How the Beetle Changed its Spots

Share this post

There is a huge amount of variety in the colours and patterns exhibited by plants and animals. However, most of this variation is fixed at the individual level; only when comparing individuals do we see differences. The ability to change your colour during your lifetime is a trait possessed by only a few animals, which have converged on remarkably similar mechanisms. Colour changes that occur during an animal’s lifetime can occur slowly, with seasonal changes or age (morphological colour change). More dramatically, and more interestingly, some species also have the ability to change their colour or pattern very rapidly, in response to environmental or social conditions (physiological colour change).

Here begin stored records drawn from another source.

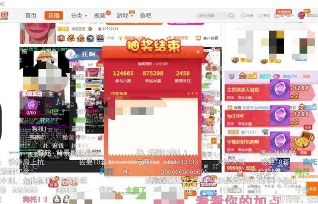 在直播间的观众通过购买直播间指定的虚拟道具,就可以参加“抽奖活动”。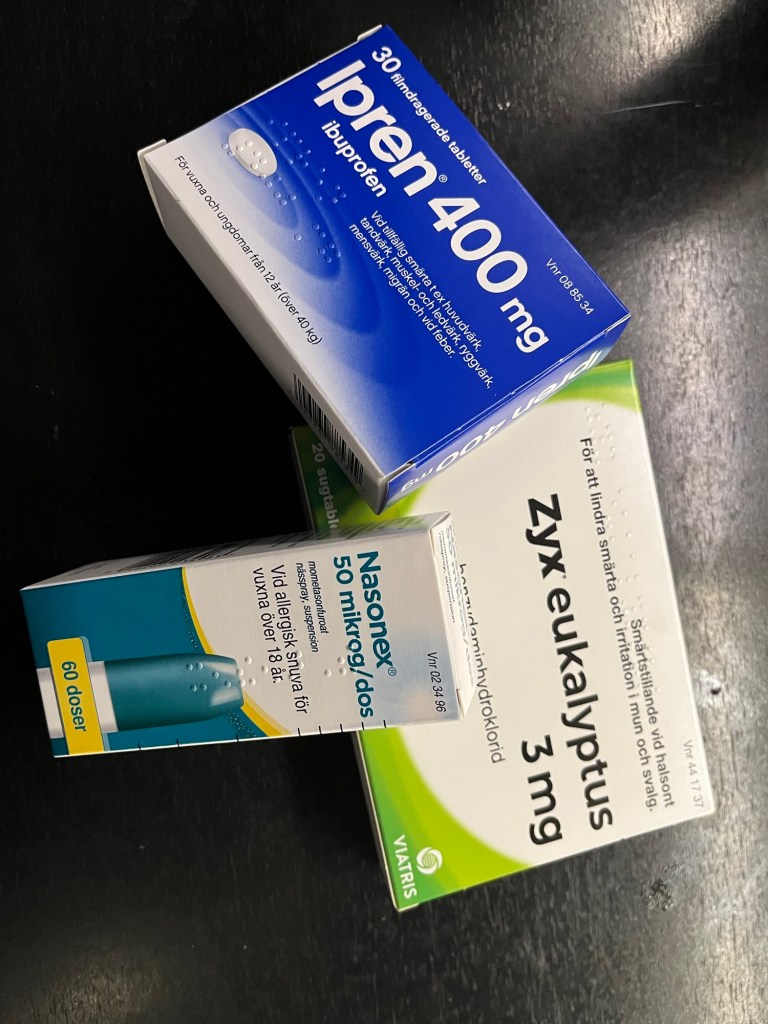 Det var precis detta jag fasade för. Har inte varit förkyld eller sjuk pĂ„ 1,5 Ă„r och prickar precis lagom in detta inför en resa dĂ€r orken mĂ„ste finnas varje dag. Vill inte ens tĂ€nka pĂ„ flygresan och framförallt start och landning. Har flugit hem förr med förkylning och den smĂ€rtan gĂ„r inte att beskriva. Det kĂ€nns som att öronen ska sprĂ€ngas. Pratade med min chef i morse och jag fick tips om en riktigt bra nĂ€sspray som vidgar de flesta kanaler i ansiktsregionen. Har skrivit en âatt-handla-listaâ till Jonas som han fixar nĂ€r han Ă€r pĂ„ hemvĂ€g. đ€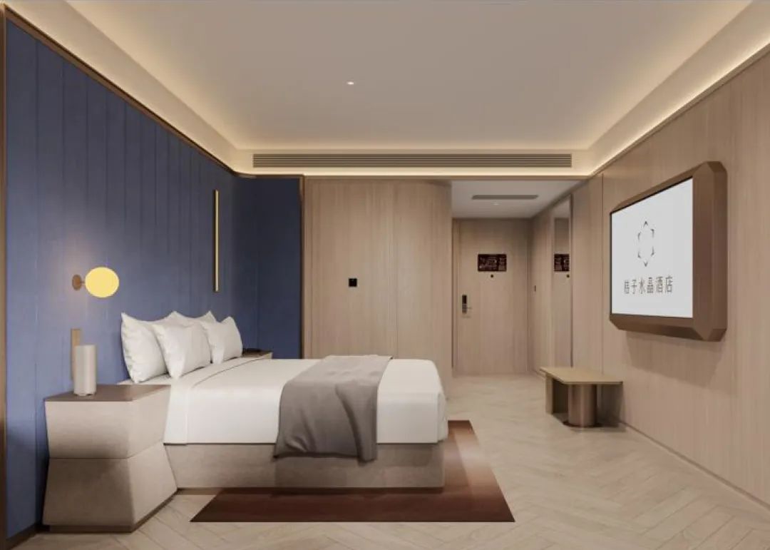 水晶设计理念融合现代酒店行业追求坪效与体验并重的创新方向,在这一全新构思下,酒店空间被赋予了更多的动态元素与互动体验,同时在材料的选择上,通过与质感木材的结合,又为空间增添了一丝温馨的氛围。使在这片灯光闪烁、乐声洋溢的空间中,每一位旅人都将能体会到生活的乐趣与多样性。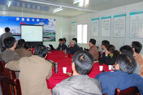 下午,觀摩團(tuán)一行又驅(qū)車來到了金桃橋項目。參觀了現(xiàn)場后,在金寨縣賓館會議室觀摩團(tuán)一行聽取了項目經(jīng)理劉曉晗的匯報。隨后各單位技術(shù)負(fù)責(zé)人就項目的箱拱吊裝施工等關(guān)鍵技術(shù)作了討論和交流。鄭總對該橋目前進(jìn)展情況表示滿意,并做了總結(jié)講話。同時對項目部積極探索和鉆研技術(shù)難點的精神表示贊賞。并對公司的質(zhì)量技術(shù)管理工作提出要求,要求格式進(jìn)一步結(jié)合深入學(xué)習(xí)實踐科學(xué)發(fā)展觀,繼續(xù)開展技術(shù)的開發(fā)挖掘,進(jìn)行技術(shù)的集成創(chuàng)新,研究、提煉項目工法和專利,為集團(tuán)公司技術(shù)創(chuàng)新多做工作,以增強集團(tuán)公司的核心競爭力。

For the vast majority of species, physiological colour changes are achieved by altering the light reflected by the skin or exoskeleton. This is commonly facilitated by pigment-containing cells called chromatophores. There are several types of chromatophore, which contain different pigments and therefore produce different colours. Melanophores are the best known of these, containing the dark pigment melanin. Often, colour-change is achieved by the movement of pigments in and out of the chromatophores, however more sophisticated changes are achieved in some species through muscular control of the chromatophores.

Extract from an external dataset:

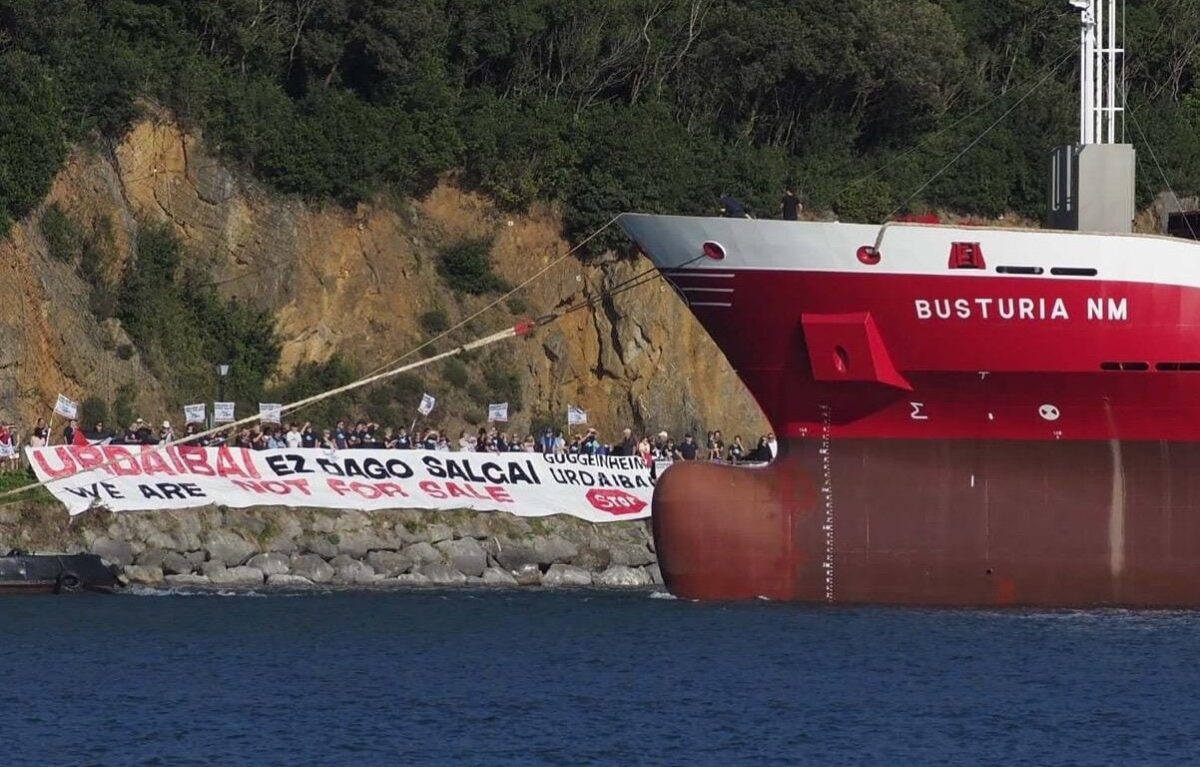 Herritarrak, Laidako elkarretaratzean.Guggenheim Urdaibai Stop Guggenheim Urdaibai Stop herritar plataformako kideek elkarretaratzea egin zuten atzo [urriak 7], Ibarrangeluko Laida hondartzan, “politikariei nahiz agintariei ardura eta seriotasuna” eskatzeko asmoz. Eragile taldeko partaideek duela urte bi, 2023ko uztailaren 4an, Aitor Estebanek “harrotasunez” egindako adierazpenak gogoratu zituzten, beren salaketa egiterakoan: “Estebanek adierazi zuen Espainiako Gobernuari 40 milioi euro kendu zizkiotela, Guggenheim Urdaibai makroproiektuari azken bultzada emateko. Hain zuzen ere, Bizkaiko Foru Aldundiak eta Espainiako Trantsizio Ekologikorako Ministeritzak duela urte bi adostutako hitzarmenak argi eta garbi azaltzen du, besteak beste, Murueta Ontziolaren jabetzapeko 42.384 metro koadroko azaleradun eremua deskontaminatzeko eta lehengoratzeko asmoa, baita ontziolaren eraikin hondakinak botatzekoa ere”.

BeetleSpots003One rather beautiful example of colour change in animals comes in the form of a beetle. The golden tortoise beetle (Charidotella sexpunctata) is a North American species which is capable of spectacular colour changes during both love and war. This is a talent that the Golden Tortoise beetle shares with its close relative the Panamaian Tortoise beetle. Love in this species can last anywhere between 15 minutes and 9 hours. Just two minutes in, the beetles have changed colour, from a metallic golden colour to bright red colour, and gained black spots. The same response is triggered when the beetle feels threatened by a predator or a nosy human.

Tortoise beetles are closely related to asparagas beetles and longhorn beetles. The former show no colour-change abilities, while the later change from golden to red with changes in moisture levels on their scales. However, this colour change is dependent on the environment but is not under the direct control of the beetle. Tortoise beetles are particularly interesting because they are one of just a handful of species that have conscious control over their colouration.

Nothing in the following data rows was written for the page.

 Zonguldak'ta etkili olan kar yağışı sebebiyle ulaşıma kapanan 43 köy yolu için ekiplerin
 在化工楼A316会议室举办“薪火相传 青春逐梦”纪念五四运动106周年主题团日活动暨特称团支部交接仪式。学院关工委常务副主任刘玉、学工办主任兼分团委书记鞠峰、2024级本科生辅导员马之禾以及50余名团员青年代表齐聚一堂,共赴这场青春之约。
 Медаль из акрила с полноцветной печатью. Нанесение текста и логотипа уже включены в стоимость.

In contrast to the chromatophore-based colour-changing system exhibited by some reptiles and squid, Tortoise beetles achieve this startling colour change using microscopic valves which control the moisture level of their shell, thereby altering the light it reflects. Their shells are translucent and composed of three tiers; each tier being made up of densely packed reflective layers covered in tiny pores. When dry, these layers reflect light, creating a gold colouration. The colour-change occurs when liquid is released from the pores, filling the grooves in the reflector and disrupting its reflective properties. The reflective layer becomes translucent, revealing a red pigmented layer below.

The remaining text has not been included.